Supplied material section start

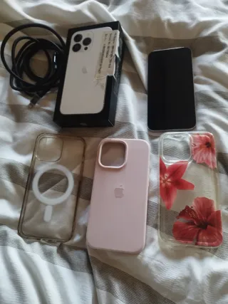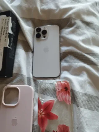 Se vende iPhone 13 Pro en excelente estado, junto con varios accesorios. - iPhone 13 Pro en color blanco/ - Cable de carga reforzado y digital - Funda transparente con MagSafe. - Funda rosa de silicona. - Funda transparente con diseño floral. Batería con 85%
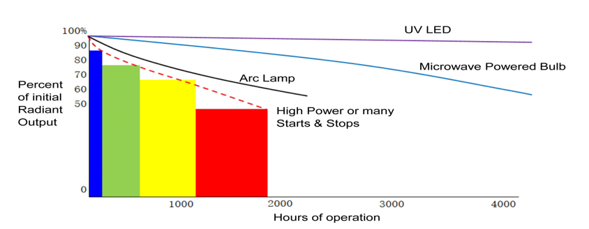 1、汞燈UV 光照強(qiáng)度衰減快(1500H)
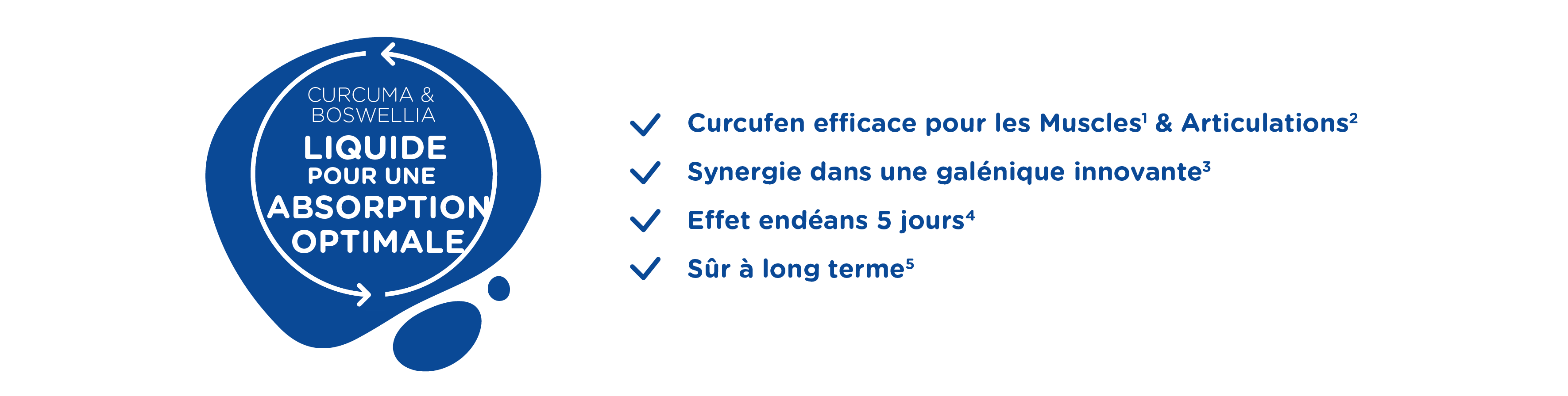 1) CURCUFEN® contient de la vitamine D3, qui contribue au maintien du bon fonctionnement musculaire. 2) Curcuma longa et Boswellia serrata pour des articulations souples. 3) Synergetic Effect of NovaSOL® Curcumin /Boswellia. Frutarom Belgium 4) Vishal et al. (2011) International Journal of Medical Sciences 8(7): 615-622. 5) Notice CURCUFEN®
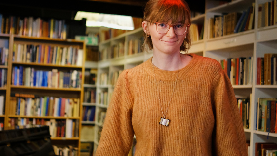 Häng med mig till en plats där jag både kan ägna mig åt ett intresse som jag brinner för, nämligen böcker, och där jag kan vara helt mig själv – ett antikvariat mitt i stan. Böcker och musikkväll varje torsdag. Vernissage och pågående konstutställningar. Hit till antikvariatet är alla alltid välkomna, vem du än är. Ett mellanrum att andas i och en flykt från vardagen.
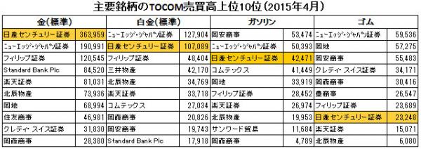 日産センチュリー証券(所在地:東京都中央区 代表取締役社長:二家英彰)の、東京商品取引所(以下、TOCOM)における2015年4月の取引実績を下記の通りお知らせいたします。
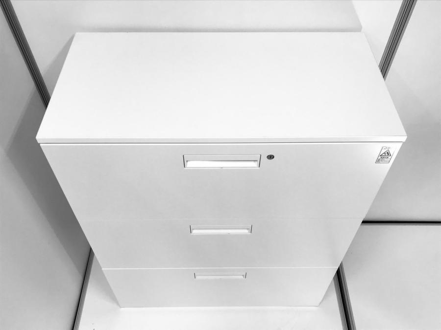 【4台入荷】【収納力抜群の3段ラテラル書庫!A4書類が大量に収納可能!】■コクヨ(KOKUYO)製 エディア(EDIA)シリーズ 3段ラテラル ローキャビネット ■天板/ベース付き ■ホワイト ■シリンダー錠
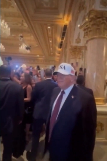 2月27日晚,就在美以联合空袭伊朗前几小时,特朗普还在海湖庄园出席了一场筹款晚宴。现场视频显示,特朗普的装扮和他发表视频讲话时相似,同样带着印有“USA”的帽子。
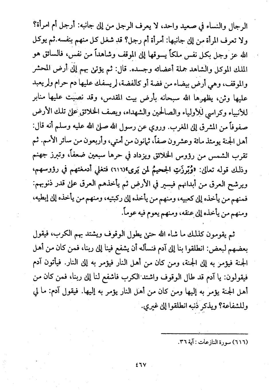 الرجال والنساء في صعيد واحد، لا يعرف الرجل من إلى جانبه: أرجل أم امرأة؟ ولا تعرف المرأة من إلى جانبها: أمرأة أم رجل؟ قد شغل كل منهم بنفسه.
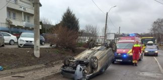 FOTO//Șofer rănit după ce s-a răsturnat cu mașina pe cupolă la...
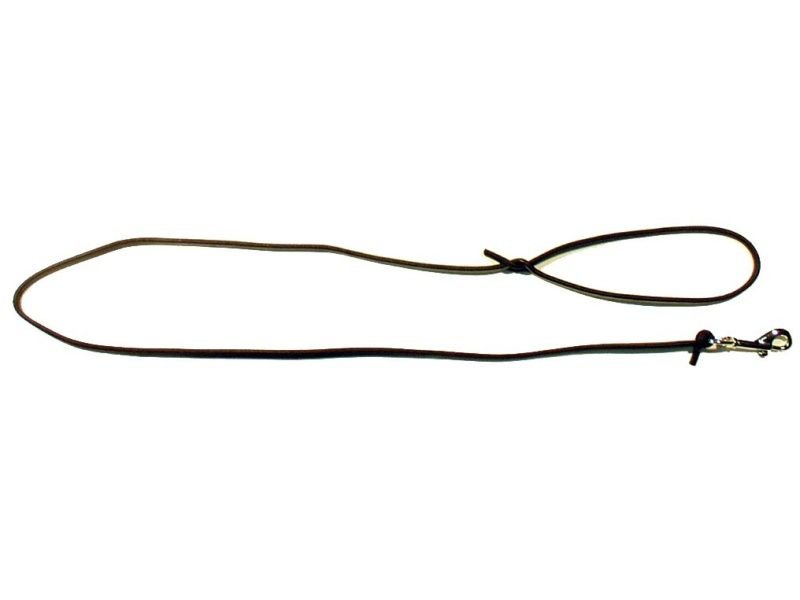 Kožené vodítko do ruky – 0,6 cm guľatá koža. Dĺžka cca 130cm, klasická karabina.
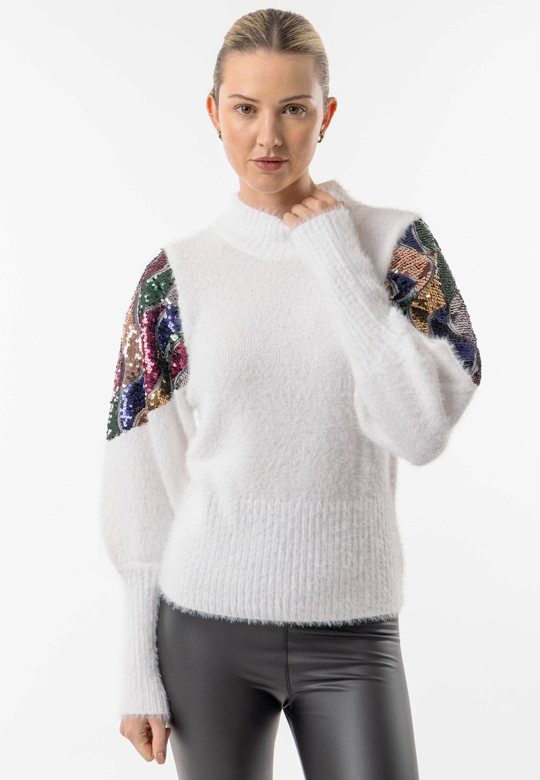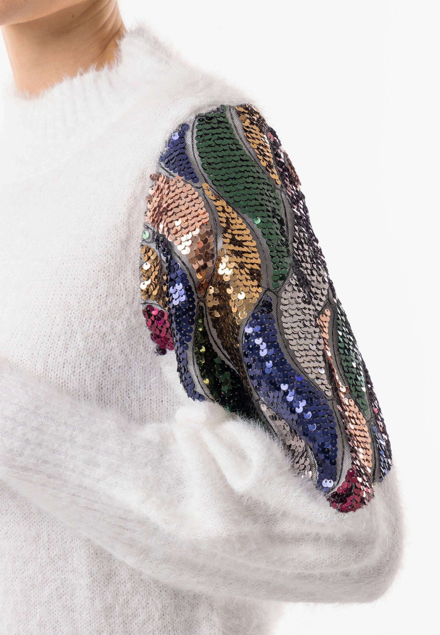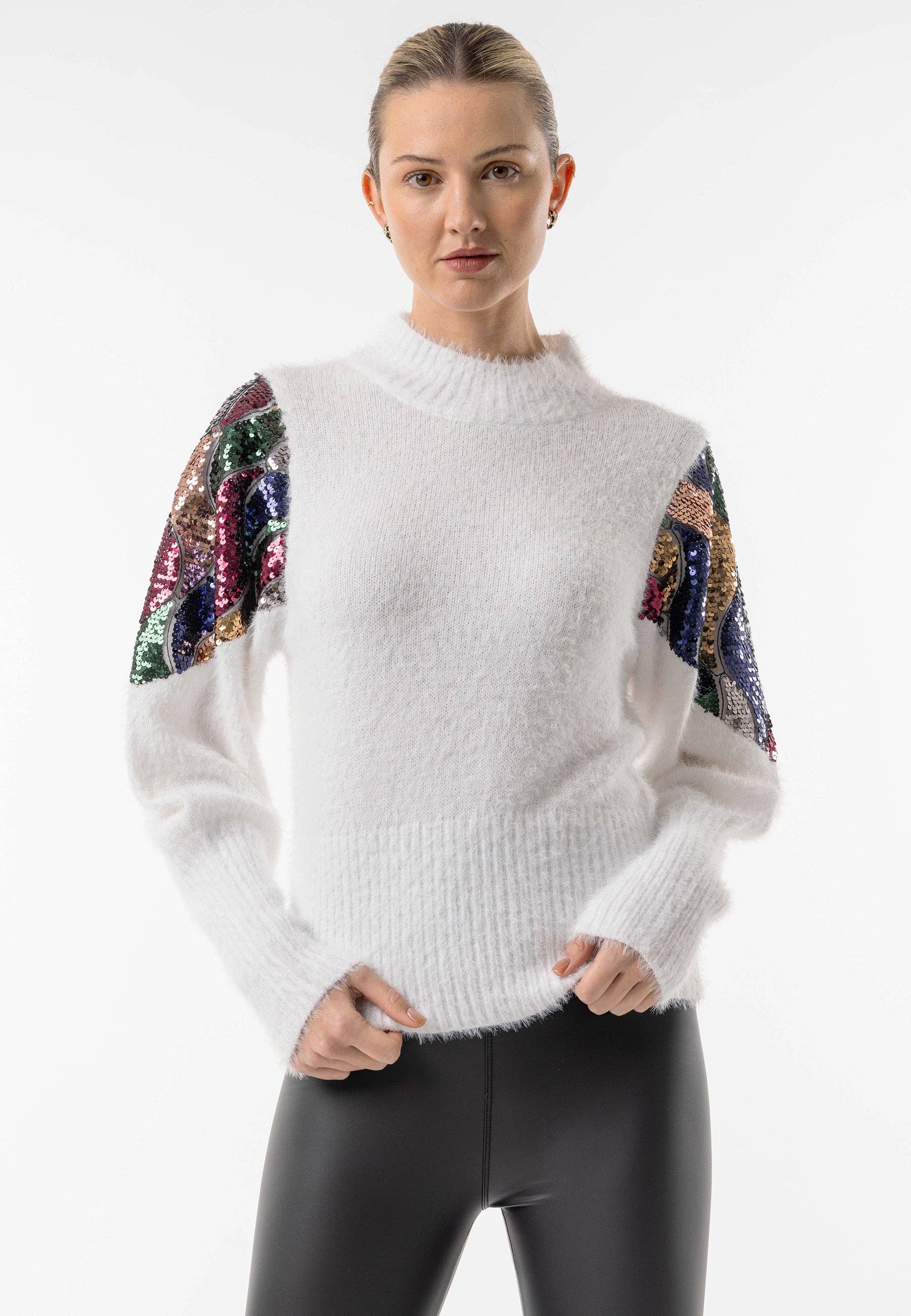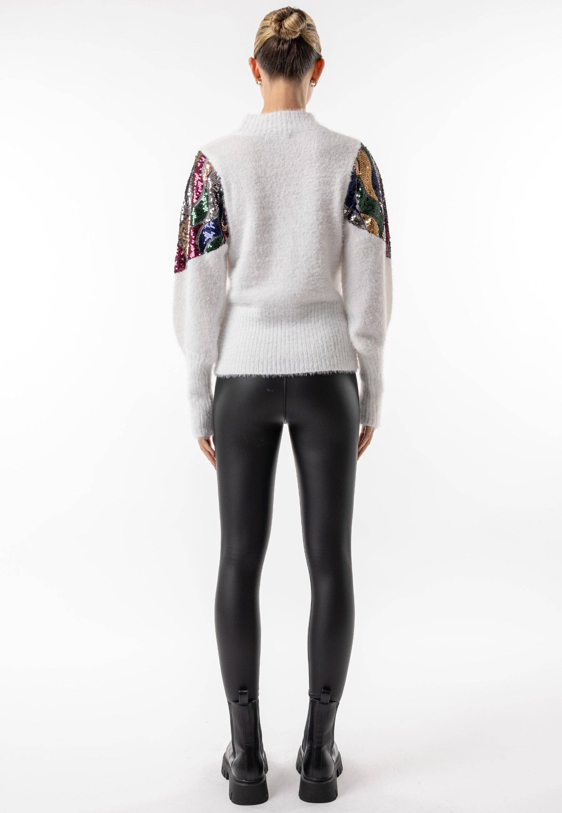 Mock Neck White Knit Jumper with Sequin Shoulder Detail
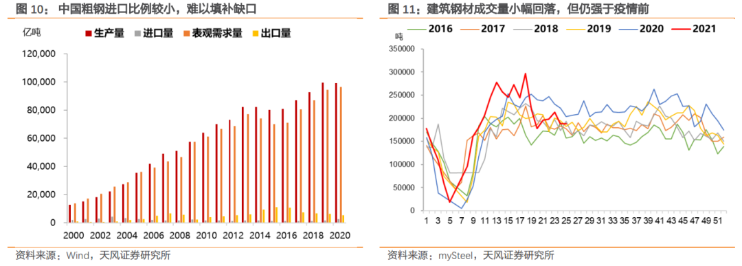 从需求端来看,开年以来建筑钢材成交量火热,虽然5月开始有所回落,但仍高于疫情前同期水平,下半年需求水平需要看地产韧性和基建支出情况。
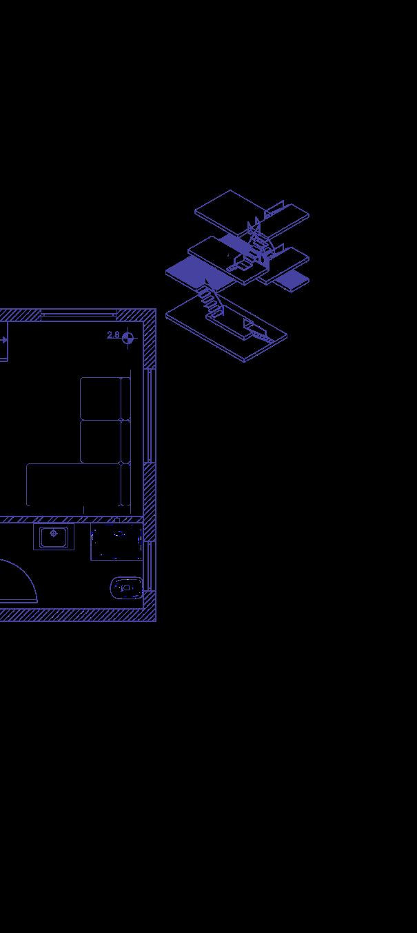 This project aimed to create comfortable and flexible spaces for a family of three, located in a very dense site in Japan. The available space is 25m2. The process of creating structures began with a study of urban spaces. The location is bordered between three highways, together with the entrance, which is directed by the busiest road. To ensure tranquillity in this metropolitan neighbourhood, various spaces have been constructed at the front of the facade, in the shape of a square, while preserving a particular module.
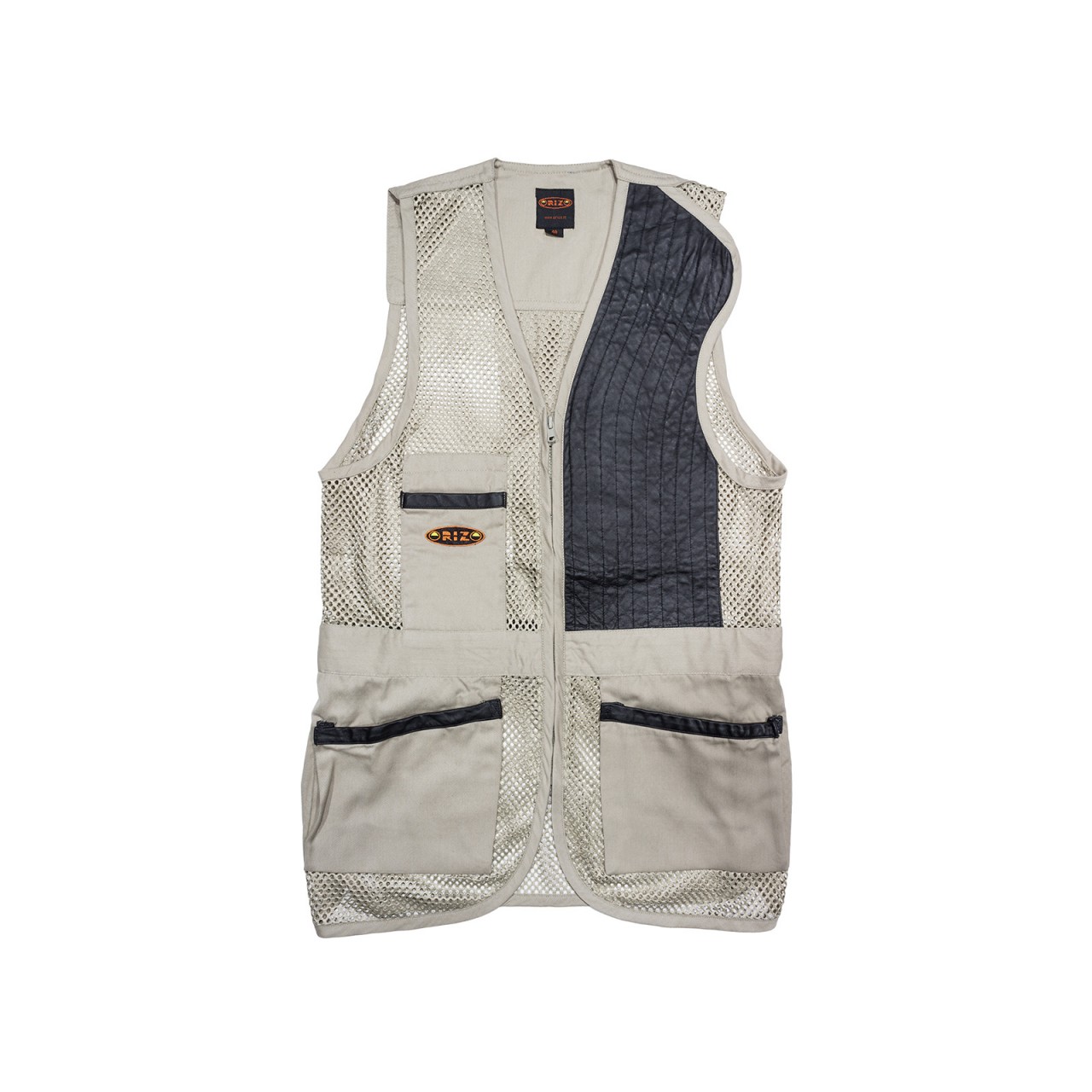 Gilet Marchiato Orizo realizzato in 100% poliestere tessuto a rete e tessuto 100% cotone da 240 gr/mq. Paracolpi in pelle che assicura adeguata protezione contro il rinculo e impunture antiscivolo, con uno spacco sulla parte superiore della spalla che consente maggiore spazio per l?appoggio del calcio del fucile. Ad altezza vita si trova un cinturino in tessuto di cotone che sul giro schiena contiene un elastico che permette, assieme agli spacchetti laterali, di ottimizzare la vestibilità. Chiusura frontale per mezzo di una zip a scomparsa, con due robuste e ampie tasche laterali a soffietto, bordate in pelle, che consentono di contenere un gran numero di cartucce e con, sulla parte sinistra sopra al cinturino, un taschino porta oggetti anch?esso bordato in pelle. Sul retro, in posizione che segue la colonna vertebrale, si trova una fascia di rinforzo in tessuto di cotone così come dello stesso materiale è composta la fascia che va dalla nuca alle spalle, spazio ideale per ospitare eventuali ricami personalizzati.
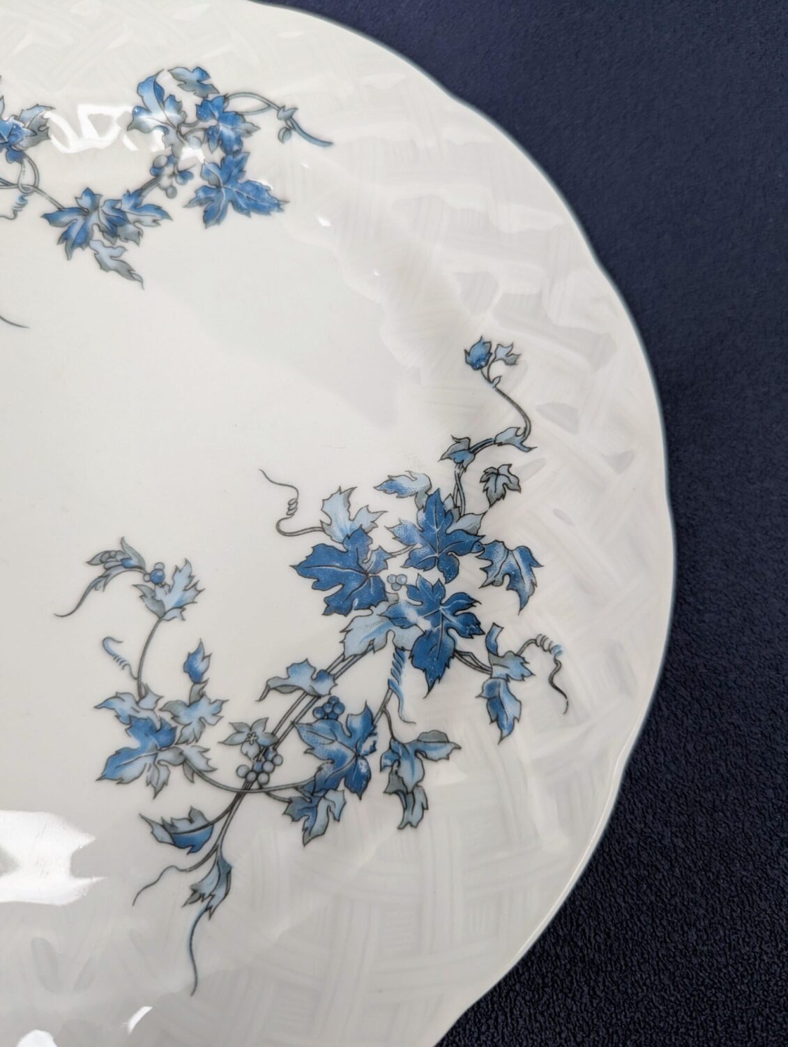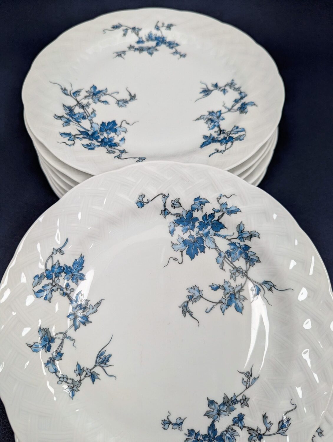Sublimez vos instants gourmands avec ce raffiné service d’assiettes à dessert en porcelaine de Limoges, composé de 9 pièces élégantes, toutes signées L. Bernardaud & Co, l’un des plus grands noms de la porcelaine française. Ce modèle, baptisé St Saëns, se démarque par la délicatesse de ses motifs floraux en forme de vignes, minutieusement peints à la main dans un ton bleu doux, qui évoque à la fois la fraîcheur du jardin et la sobriété classique d’une table élégante.
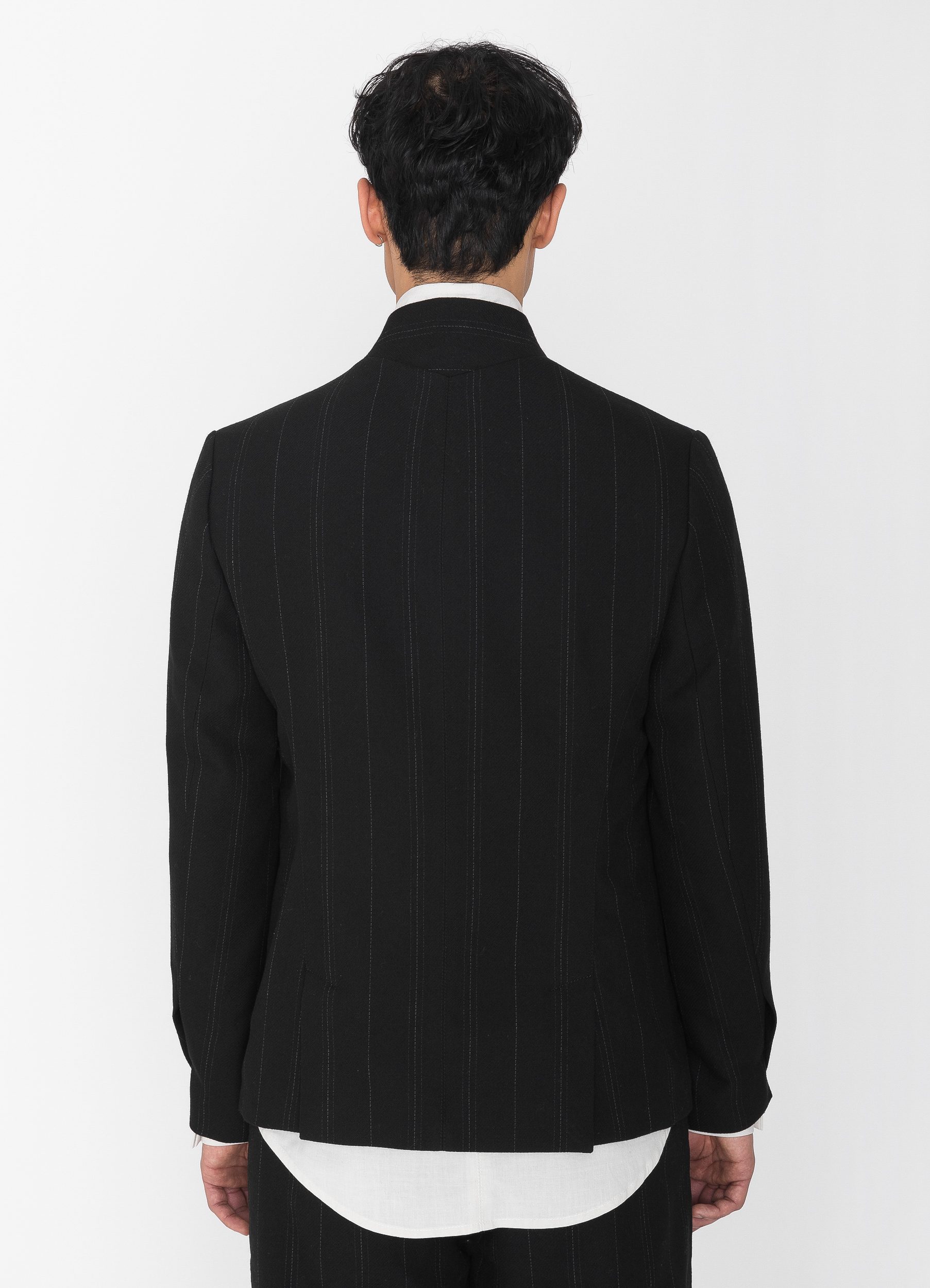 Einreihiges feingestreiftes Woll-Baumwoll Sakko mit Stehkragen

Supplied material section end

» Task to complete
An exact copy of the lines above from the one with "日産センチュリー証券(所在地" up to and including the one with "从需求端来看,开年以来建筑钢" is required; reproduce only those lines, omitting all pictures.

» Answer to the exercise
 日産センチュリー証券(所在地:東京都中央区 代表取締役社長:二家英彰)の、東京商品取引所(以下、TOCOM)における2015年4月の取引実績を下記の通りお知らせいたします。
 【4台入荷】【収納力抜群の3段ラテラル書庫!A4書類が大量に収納可能!】■コクヨ(KOKUYO)製 エディア(EDIA)シリーズ 3段ラテラル ローキャビネット ■天板/ベース付き ■ホワイト ■シリンダー錠
 2月27日晚,就在美以联合空袭伊朗前几小时,特朗普还在海湖庄园出席了一场筹款晚宴。现场视频显示,特朗普的装扮和他发表视频讲话时相似,同样带着印有“USA”的帽子。
 الرجال والنساء في صعيد واحد، لا يعرف الرجل من إلى جانبه: أرجل أم امرأة؟ ولا تعرف المرأة من إلى جانبها: أمرأة أم رجل؟ قد شغل كل منهم بنفسه.
 FOTO//Șofer rănit după ce s-a răsturnat cu mașina pe cupolă la...
 Kožené vodítko do ruky – 0,6 cm guľatá koža. Dĺžka cca 130cm, klasická karabina.
 Mock Neck White Knit Jumper with Sequin Shoulder Detail
 从需求端来看,开年以来建筑钢材成交量火热,虽然5月开始有所回落,但仍高于疫情前同期水平,下半年需求水平需要看地产韧性和基建支出情况。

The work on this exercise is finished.